MEXICO CITY (Reuters) – Mexican President Andres Manuel Lopez Obrador on Monday removed the head of the powerful government auditor, promoting a career public servant to replace a member of his inner circle in the latest Cabinet reshuffle following mid-term elections.
Lopez Obrador said Irma Sandoval, who served as the head of the Public Administration Ministry (SFP) since 2018, will be replaced by deputy minister Roberto Salcedo, who has worked in public sector auditing for governments dating back to the 1980s.
“We are entering a new stage, and we are going to carry out new reforms,” Lopez Obrador said, mentioning a constitutional change he says would save money by centralizing currently autonomous government agencies.
Since taking office in 2018, Lopez Obrador has made the fight against corruption a priority.

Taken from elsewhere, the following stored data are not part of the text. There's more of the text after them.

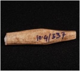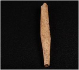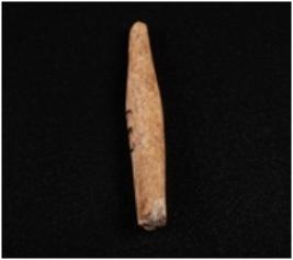 | Description / विवरण | Point of bone with broken tip, other side is completely broken, light brown and smooth surface. |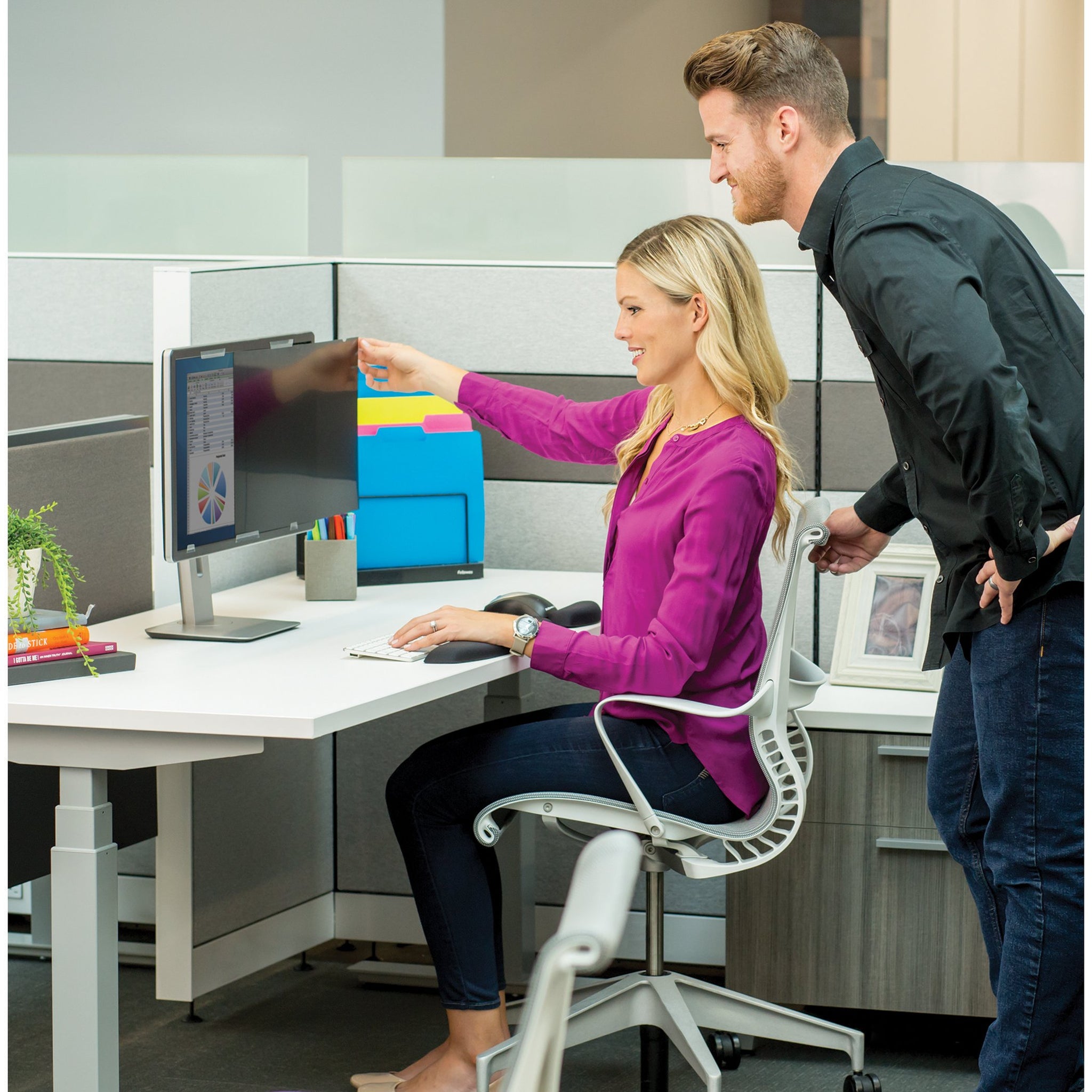- Reversible; Matte side helps reduce glare and filter is compatible with touchscreen laptops and monitors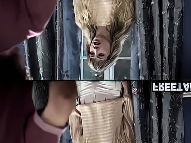 Awesome blonde stepmother doing her household chores but she is nasty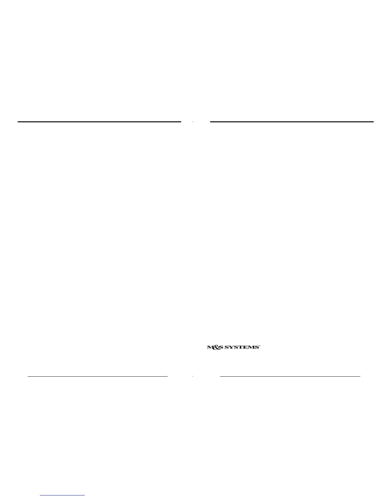returning any product to M&S SYSTEMS. Send this product freight pre-paid and insured to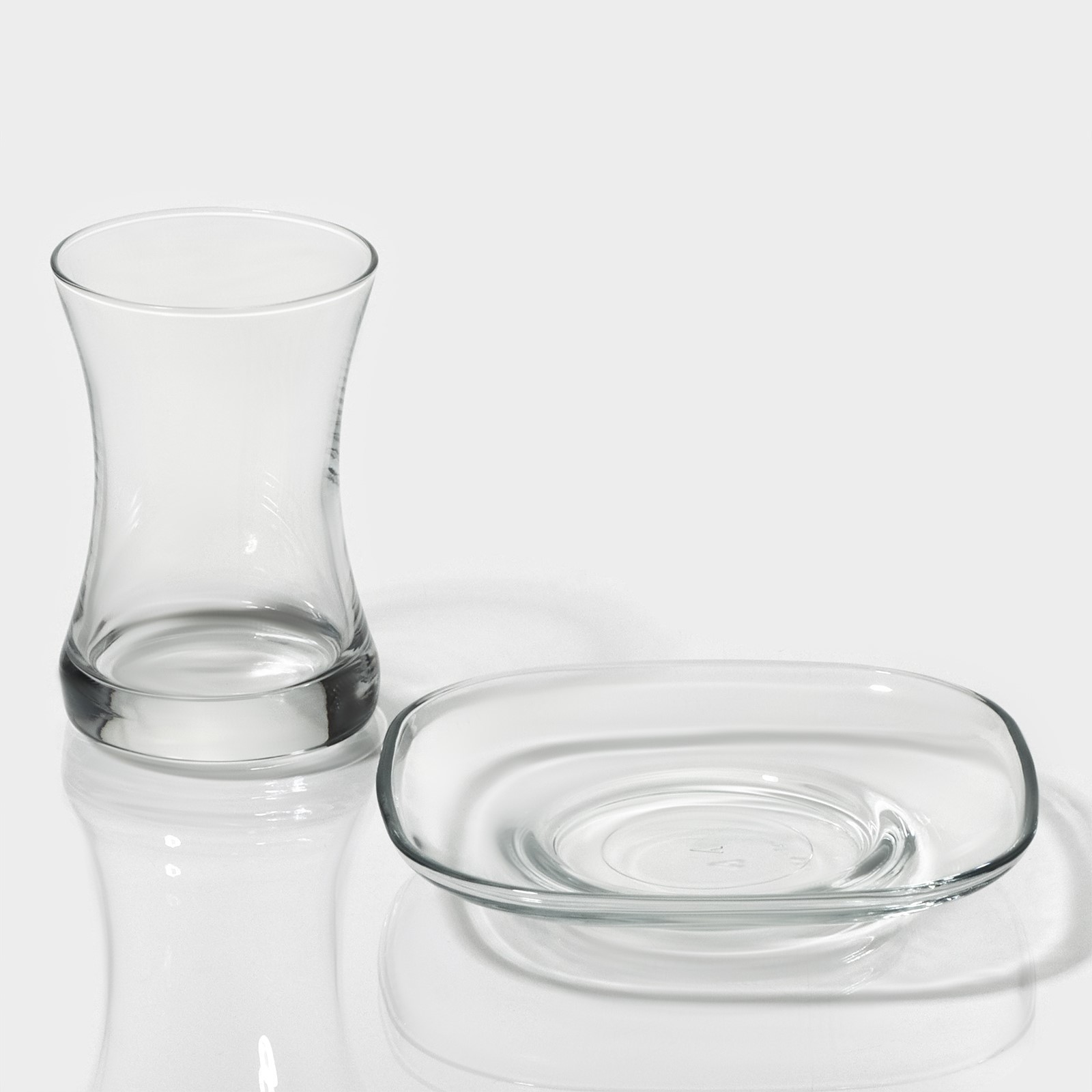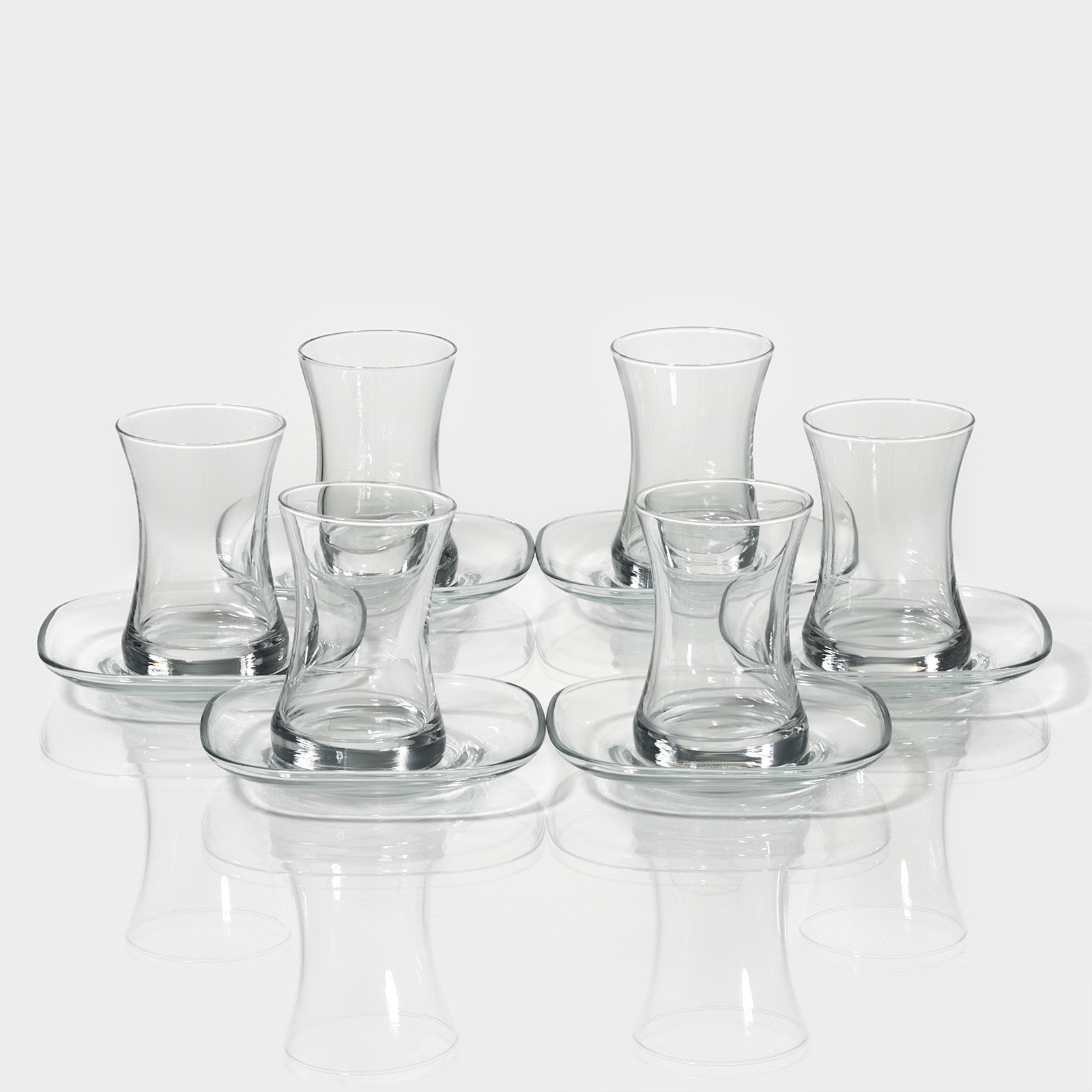 Набор стеклянный чайный Lav «дзен», 12 предметов: стаканы 155 мл (6 шт), блюдца D=14 см (6 шт)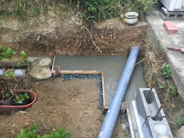 今回の捨てコン施工範囲は、左側が既存のガレージ裏側溝の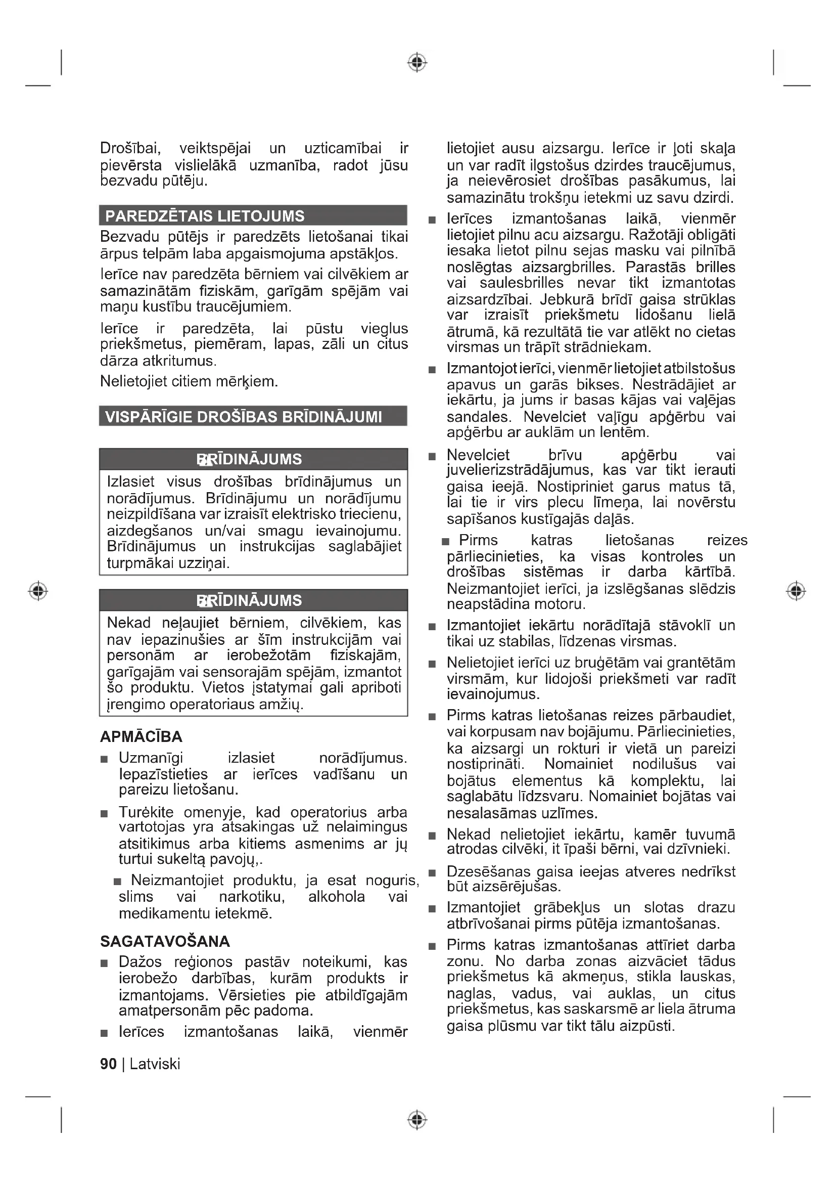■ Uzmanīgi izlasiet norādījumus. Iepazīstieties ar ierīces vadīšanu un pareizu lietošanu. ■ Turėkite omenyje, kad operatorius arba vartotojas yra atsakingas už nelaimingus atsitikimus arba kitiems asmenims ar jų turtui sukeltą pavojų,. ■ Neizmantojiet produktu, ja esat noguris, slims vai narkotiku, alkohola vai medikamentu ietekmē. SAGATAVOŠANA ■ Dažos reģionos pastāv noteikumi, kas ierobežo darbības, kurām produkts ir izmantojams. Vērsieties pie atbildīgajām amatpersonām pēc padoma. ■ Ierīces izmantošanas laikā, vienmēr lietojiet ausu aizsargu. Ierīce ir ļoti skaļa un var radīt ilgstošus dzirdes traucējumus, ja neievērosiet drošības pasākumus, lai samazinātu trokšņu ietekmi uz savu dzirdi. ■ Ierīces izmantošanas laikā, vienmēr lietojiet pilnu acu aizsargu. Ražotāji obligāti iesaka lietot pilnu sejas masku vai pilnībā noslēgtas aizsargbrilles. Parastās brilles vai saulesbrilles nevar tikt izmantotas aizsardzībai. Jebkurā brīdī gaisa strūklas var izraisīt priekšmetu lidošanu lielā ātrumā, kā rezultātā tie var atlēkt no cietas virsmas un trāpīt strādniekam. ■ Izmantojot ierīci, vienmēr lietojiet atbilstošus apavus un garās bikses. Nestrādājiet ar iekārtu, ja jums ir basas kājas vai vaļējas sandales. Nevelciet vaļīgu apģērbu vai apģērbu ar auklām un lentēm. ■ Nevelciet brīvu apģērbu vai juvelierizstrādājumus, kas var tikt ierauti gaisa ieejā. Nostipriniet garus matus tā, lai tie ir virs plecu līmeņa, lai novērstu sapīšanos kustīgajās daļās. ■ Pirms katras lietošanas reizes pārliecinieties, ka visas kontroles un drošības sistēmas ir darba kārtībā. Neizmantojiet ierīci, ja izslēgšanas slēdzis neapstādina motoru. ■ Izmantojiet iekārtu norādītajā stāvoklī un tikai uz stabilas, līdzenas virsmas. ■ Nelietojiet ierīci uz bruģētām vai grantētām virsmām, kur lidojoši priekšmeti var radīt ievainojumus. ■ Pirms katras lietošanas reizes pārbaudiet, vai korpusam nav bojājumu. Pārliecinieties, ka aizsargi un rokturi ir vietā un pareizi nostiprināti. Nomainiet nodilušus vai bojātus elementus kā komplektu, lai saglabātu līdzsvaru. Nomainiet bojātas vai nesalasāmas uzlīmes. ■ Nekad nelietojiet iekārtu, kamēr tuvumā atrodas cilvēki, it īpaši bērni, vai dzīvnieki. ■ Dzesēšanas gaisa ieejas atveres nedrīkst būt aizsērējušas. ■ Izmantojiet grābekļus un slotas drazu atbrīvošanai pirms pūtēja izmantošanas. ■ Pirms katras izmantošanas attīriet darba zonu. No darba zonas aizvāciet tādus priekšmetus kā akmeņus, stikla lauskas, naglas, vadus, vai auklas, un citus priekšmetus, kas saskarsmē ar liela ātruma gaisa plūsmu var tikt tālu aizpūsti.91 Latviski |
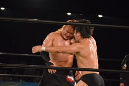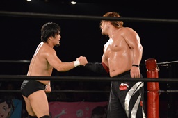 両者握手(左写真)。素晴らしい試合。このカードを組んだ志田えらい。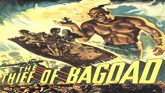 Sinopse: O Ladrão de Bagdá (The Thief Bagdad). Abu (Sabu) é um esperto larápio, disposto a enganar e derrotar o feiticeiro Jaffar (Conrad Veidt), e devolver o trono ao honrado sultão (John Justin). Abu sabe que ele deve confiar em toda a sua coragem e destreza para completar essa gloriosa missão. Ele também contará com a ajuda de uma fonte inesperada: um gênio (Rex Ingram) que vai lhe garantir três desejos quando for libertado.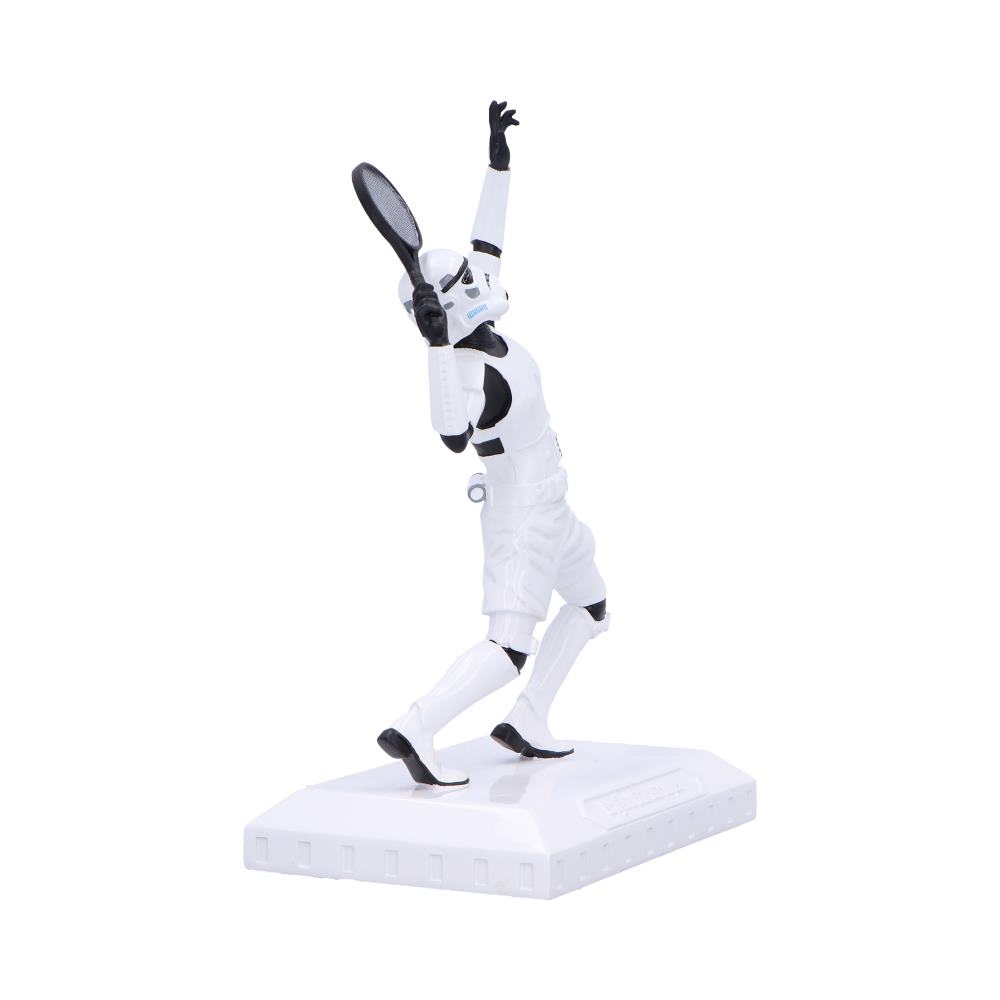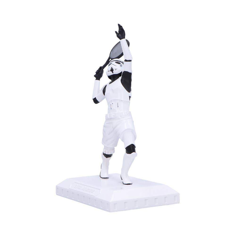 This decorative figurine features a tennis-playing trooper design with white armor and black accents. The resin construction shows excellent detail work throughout the armor plating and sports accessories. Each piece comes complete with a display base for easy presentation. The dynamic pose shows the character in a serving position with racket raised high. This eye-catching collectible appeals to both pop culture enthusiasts and sports fans. The Original Stormtrooper design from Shepperton Studios offers recognizable appeal that makes this a popular gift item and impulse purchase for those seeking distinctive decorative pieces.

The president did not give a reason for the reshuffle, although his government earlier on Monday released data showing unspecified crimes committed by public servants had risen 8% since 2020.
“It is a good change,” Lopez Obrador said in video recorded with Sandoval and Salcedo. “The purpose is to keep fighting corruption, not allowing corruption.”
Sandoval’s departure had been rumored for months, after her support for her brother as candidate for the governorship of the state of Guerrero over Lopez Obrador’s favourite appeared to create friction in the lead up to June 6 midterm elections.
“This servant, and all her family, are and always will be part of the ideal of justice and the Fourth Transformation,” Sandoval said in the video, referring to the name given to Lopez Obrador’s political movement.
Sandoval and her husband, influential American-born academic John Ackerman, are seen as belonging to the left-wing within the Fourth Transformation movement, and the reshuffle could strengthen centrists.
Earlier this month, Lopez Obrador announced his finance minister would move to head the central bank, and named economist Rogelio Ramirez to the ministry.